Continued Good News for Grasshopper Risk on Rangeland

Continued Good News for Grasshopper Risk on Rangeland

The USDA-APHIS continues to provide us with regular updates on the status of rangeland grasshoppers across Nebraska (Figure 1). Based on fall adult surveys conducted by USDA-APHIS, the risk of grasshopper infestation in Nebraska rangelands will be low in 2022, with slightly higher risk in southwestern Nebraska. A majority of the western United States is projected to have very low numbers. 

Grasshopper numbers are responsive to environmental conditions; however, species differ in their response to precipitation, plant communities, soil characteristics and microclimate. A wet spring and rains at time of grasshopper hatching and development (mid-May through June) improves rangeland forage quality and reduces the loss from grasshopper infestation.

Current long-range weather forecasts through March have indicated normal conditions, which might mean a continuation of cool, dry weather through the end of March. However, conditions beyond March appear to have a high degree of uncertainly at present.
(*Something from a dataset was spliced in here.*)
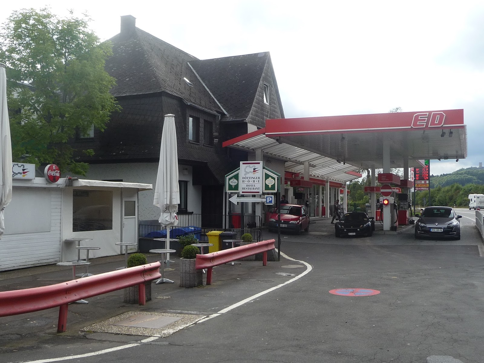 Rilancio allora con un ricordo del 1996, quando visitai anch'io quello strano negozio/stazione di servizio e rischiai di brasare la carta di credito davanti a una muraglia (allora) di Minichamps. Non ricordo il palo con i cartelli dei circuiti ad Adenau: ricordo però che avrei voluto cercare il castello di Konigsfeld, quello dei fumetti di Michel Vaillant, e trovai invece un dentista che curò uno spaventoso ascesso all'autista del nostro transporter, dopo una notte di viaggio e una in bianco per il mal di denti. Il tutto grazie a una famiglia di pizzaioli pugliesi! And this, too, is motor racing…

Spotty occurrences of high grasshopper densities often occur throughout western Nebraska, even in low-risk years. Therefore, ranchers and range managers should maintain vigilance to monitor grasshopper densities during hatching periods. Keep an eye on CropWatch later this season for information on how to scout for rangeland grasshoppers.

Grasshopper map
Figure 1. Map provided by USDA-APHIS showing grasshopper density estimates throughout the western Great Plains and Intermountain West. Data are based on fall adult surveys of grasshoppers per square yard: blue = 0 to <3; green 3 to <8; orange = 8 to <15; and red = 15 or more.